What Is a Seroma?
Sometimes you have surgery to remove tissue such as a lump in your breast or belly fat. While you heal, you could get a seroma. That’s a lump of clear bodily fluid that forms under your skin in the empty space where the tissue used to be.
Even though a seroma may feel strange, it’s not a medical emergency. But you can talk to your health care provider if it bothers you. A doctor or nurse can drain the fluid to help you feel better. Make sure to tell your health care team if the bulge hurts, makes you feel sick, or gets bigger. Although it doesn’t happen very often, seromas can lead to an infection.
What Causes a Seroma?
The exact cause is unknown. But surgeons cut the vessels that carry blood and lymph fluid throughout your body when they remove tissue. When that fluid collects in your body, seromas can form in the open area left behind.
You may get a seroma after these surgeries:
How To Tell If You Have a Seroma
You may notice a lump a week or so after your procedure. If you have drainage tubes from the surgery, you could get a seroma after your doctor removes them. It may feel like you have a liquid-filled cyst under your surgery site.
You may also:
- Hear liquid move around
- Have clear fluid leak out of your wound
What Are the Risk Factors for Developing a Seroma After Surgery?
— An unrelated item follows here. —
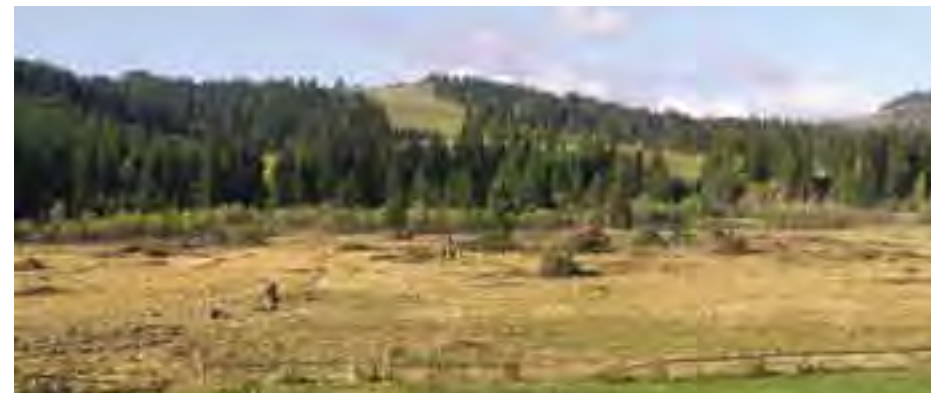
Kosenie na Beňadovskom rašelinisku

Každé územie európskeho významu sa po schválení Národného zoznamu navrhovaných ÚEV vládou SR (17. 3. 2004) považuje za chránené územie. Je to štádium tzv. predbežnej ochrany , ktorej cieľom je zabezpečiť, aby sa stav európsky významných druhov a biotopov v území nezhoršoval. Toto obdobie môže trvať až 9 rokov, pričom počas prvých 3 rokov je národný zoznam posudzovaný v Európskej komisii a dochádza k definitívnemu výberu územia do sústavy NATURA 2000 a do maximálne ďalších 6 rokov dôjde k vyhláseniu územia. Predbežná ochrana je realizovaná prostredníctvom stupňov ochrany uvedených v národnom zozname. Podrobný zoznam parciel so zaradením k príslušnému stupňu ochrany pre ÚEV Rašeliniská Bielej Oravy, ako aj všetky ďalšie informácie o sústave NATURA 2000 na Slovensku nájdete na www.sopsr.sk/natura .

Experts don’t know exactly why seromas form in some people and not in others. But factors that may increase your chances of getting one include:
Some research suggests you have a higher chance of seromas if you:
- Have high blood pressure
- Are older than 45
- Have a lot of heavy skin removed
If you are a male who gets surgery for breast cancer, a small study shows you may have a higher chance of getting a seroma than a woman does.
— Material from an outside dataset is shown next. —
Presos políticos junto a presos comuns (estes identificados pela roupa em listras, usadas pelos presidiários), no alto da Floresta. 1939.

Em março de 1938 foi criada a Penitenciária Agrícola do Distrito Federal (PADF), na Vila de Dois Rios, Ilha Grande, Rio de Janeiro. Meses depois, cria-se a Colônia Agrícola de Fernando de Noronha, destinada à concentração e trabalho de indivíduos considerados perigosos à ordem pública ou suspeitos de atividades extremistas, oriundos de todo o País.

Is a Seroma Dangerous? What Are the Complications?
A seroma may not cause you any major health concerns. But it could extend your healing time. If you’re healing from breast cancer surgery, this could delay the next step in your treatment.
A seroma can become a problem if it:
Seromas may increase your chances of lymphedema. This is a more serious condition where lymph tissue causes parts of your body to swell.
When to Talk to a Doctor
See your doctor right away if the area around your seroma is red, warm, or tender. This could be a sign of infection. You should also talk to your doctor if you have:
- An increase in fluid
- Pressure on the surgery site
- Areas that get more swollen (a sign of lymphedema)
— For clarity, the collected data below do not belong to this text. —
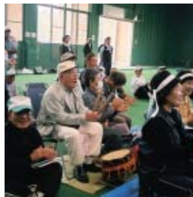
白団、太鼓でがんばれ
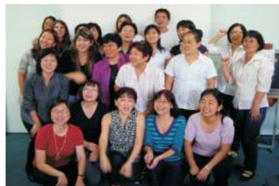
Professores da Aliança Cultural Brasil-Japão motivam os alunos, para 87% dos estudantes entrevistados

87% dos alunos responderam que os professores incentivam os alunos e 97%
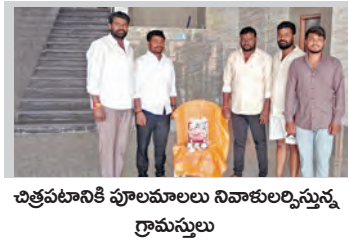
కొత్తపేటలో పూలమాలలు నివాళులర్పిస్తున్న గ్రామస్థులు
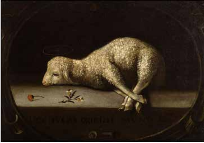
Görsel 2. Josefa de Obidos, Kurbanlık Kuzu/The Sacrificial Lamb , 1670-1684, Tuval Üzerine Yağlı Boya, 55.5 x 78.7 cm.

- Fever of 100.4 or higher (a sign of infection)
- Fluid that has blood in it (a sign of hematoma)
See your health care provider if you can’t figure out what is causing your swelling.
How Do You Treat a Seroma?
You may not need to do anything other than wait. Your body can absorb fluid from a small seroma. But it may take about a month to go away. Sometimes it can take up to a year. But you don’t need to wait that long, especially if it’s big or sore.
To help get rid of your seroma, a doctor or nurse may:
- Drain the fluid with a needle and syringe
- Drain it more than once
- Put pressure on the swollen area
- Give you a shot to collapse and seal the empty space (sclerotherapy)
If these treatments don’t work, your doctor may need to remove the seroma with another surgery.
Can You Prevent a Seroma?
There isn’t a surefire way to stop a seroma from forming. But your surgeon may try different methods to lower your chances of getting one. These include:
- Drainage tubes: Your doctor may put small tubes under your skin during surgery. If you have a mastectomy, the drains may go in your breast or armpit area. These tubes help remove extra fluid while you heal. You may have them only while you’re in the hospital. But you could need them for a couple more weeks. A health care provider will tell you how to empty them. A provider will also let you know when it’s safe to take them out.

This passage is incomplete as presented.